The model-corrected attack rates are ~10–20% higher (relative scale) than the reported values across various regions and departments. These findings are broadly consistent with those reported by Moore et al. 13, who found that the attack rates were generally less than 1%. However, discrepancies in a few departments likely reflect differences in data sources and case definitions; while Moore et al. employed serological data that capture both symptomatic and asymptomatic infections, our analysis is based on suspected symptomatic cases, with only a fraction confirmed by laboratory tests.
Our approach categorized the population into six age-sex groups, enabling the estimation of three parameters related to age-specific susceptibility to symptomatic infection (corresponding to the three age groups: 0–14, 15–39, and 40+ years) and two parameters related to sex-specific susceptibility to symptomatic infection (male and female). To account for surveillance bias across age-sex groups, we included two additional parameters: one representing the reporting probability for females of reproductive age (15–39 years), and another for all other age-sex groups combined. A finer grouping of reporting probability will result in identifiability issues. Such identifiability issue could be alleviated with additional data, e.g., serosurvey studies in Colombia with age-sex grouping. Via a literature search, we found very limited number of such studies and most of these studies were targeting a special group of people or a special region44,45,46, insufficient to inform a finer grouping or improve inference for our model.

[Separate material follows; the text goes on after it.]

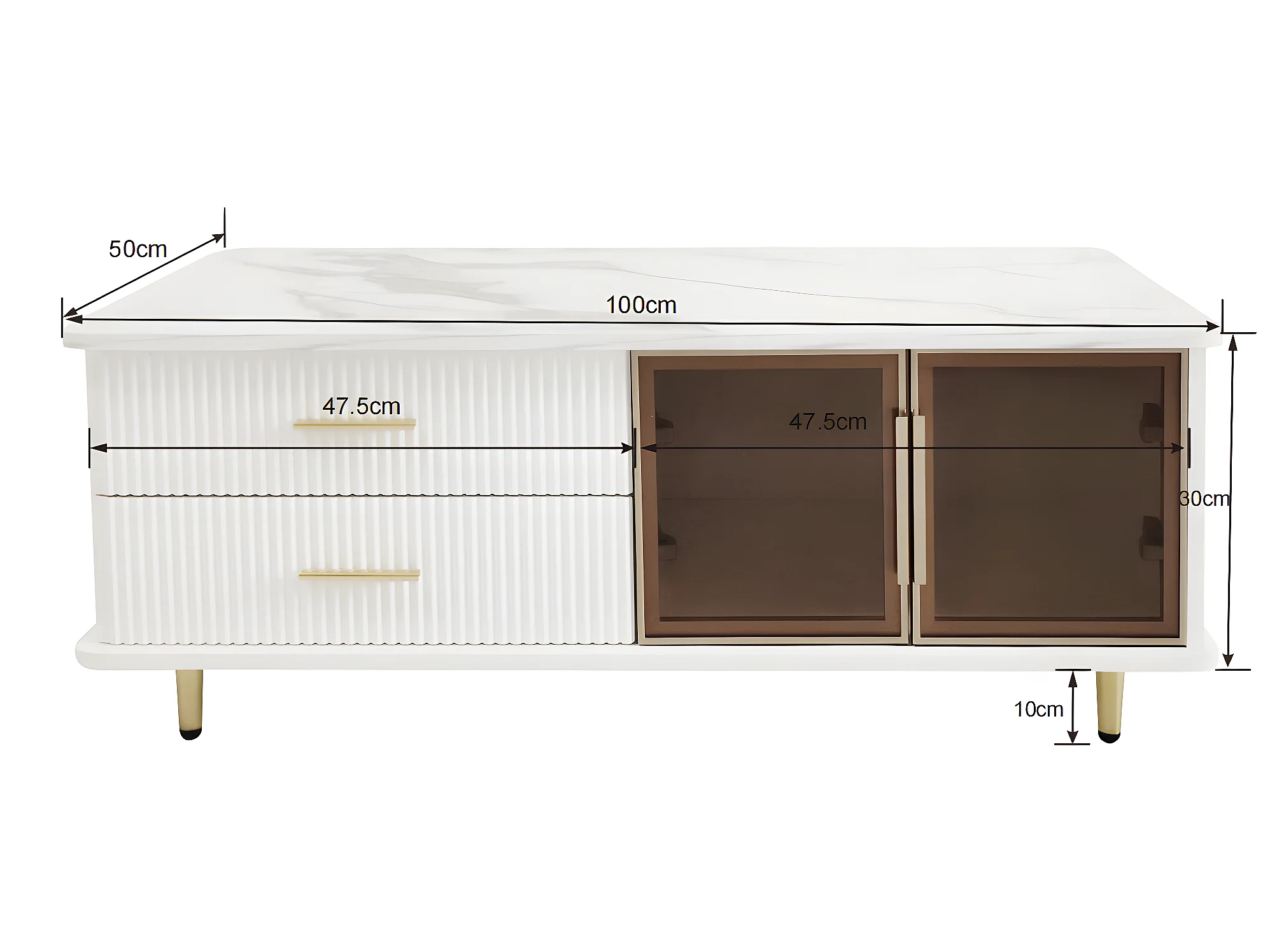 Skandinavischer Couchtisch – 2 Schubladen und 2 Türen – integrierte LED – Furnier mit Marmormuster – Weiß

Our study has limitations. First, we conducted the analysis at the department level, without accounting for finer spatial scales, which could improve result accuracy; yet the computational burden will increase exponentially as we model pairwise transmission among spatial units. Second, we lacked direct abundance data for the Zika vector, relying instead on proxy predictors, such as environmental factors. Finally, as an observational study, the possibility of unmeasured confounders remains.
In conclusion, our study introduced a statistical approach to correct surveillance biases caused by the clinical association of Zika infection with Congenital Zika Syndrome. We estimated that almost all cases among women of reproductive age were detected, compared to 86% for other age-sex groups. Our method can be generalized to other infectious diseases with similar surveillance bias, e.g., the hand, foot and mouth disease that causes neurological complications more often in young children than in older children or adults47. These findings underscore the need for statistical and epidemiological methods adjusting for reporting biases to better understand and manage emerging infectious diseases and call for timely collection of relevant data, such as serosurvey data, that can further help correcting surveillance bias.